■ **WHAT TO DO**:
Beginning at the first line of the material, output each line exactly until you reach and include the line containing "koi Premium Copperware". Leave every picture out.

■ **SOURCE MATERIAL**:
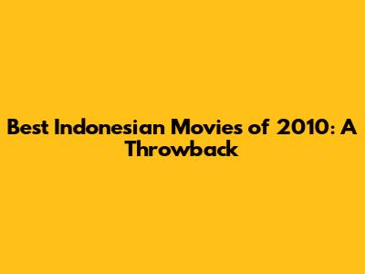 Best Indonesian Movies Of 2010: A Throwback
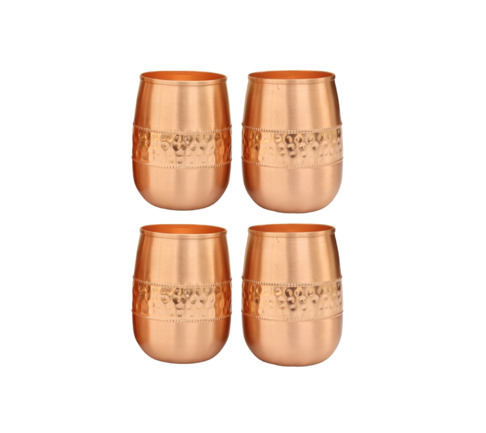koi Premium Copperware Quality Traveler's Copper Cups for Ayurveda Health Benefits Pure Copper Hammered Water Glass Tumblers
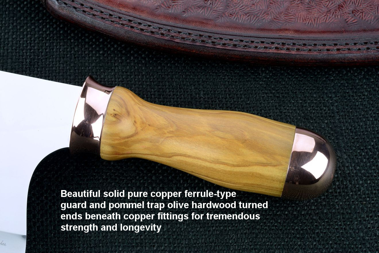 Of course, you aren't licking your hands after handling copper tainted with verdigris, so don't write to me complaining that I said copper will kill you. If you notice, when copper and verdigris is used on metallic components for coloring, it's always sealed with a lacquer, plastic, varnish, or acrylic coating to prevent the soft patina from changing, and it's never on a high-wear knife or sword handle part. So, the patina doesn't prohibit use of copper, brass, or bronze in metal fittings on knives.
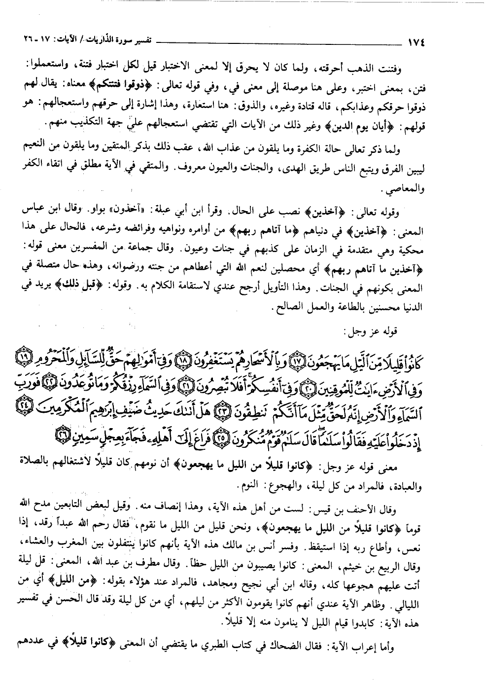 كانُوا قَلِيلاً مِنَ اللَّيْلِ ما يَهْجَعُونَ (١٧) وَبِالْأَسْحارِ هُمْ يَسْتَغْفِرُونَ (١٨) وَفِي أَمْوالِهِمْ حَقٌّ لِلسَّائِلِ وَالْمَحْرُومِ (١٩) وَفِي الْأَرْضِ آياتٌ لِلْمُوقِنِينَ (٢٠) وَفِي أَنْفُسِكُمْ أَفَلا تُبْصِرُونَ (٢١)

■ **ANSWER TO THIS EXERCISE**:
 Best Indonesian Movies Of 2010: A Throwback
koi Premium Copperware Quality Traveler's Copper Cups for Ayurveda Health Benefits Pure Copper Hammered Water Glass Tumblers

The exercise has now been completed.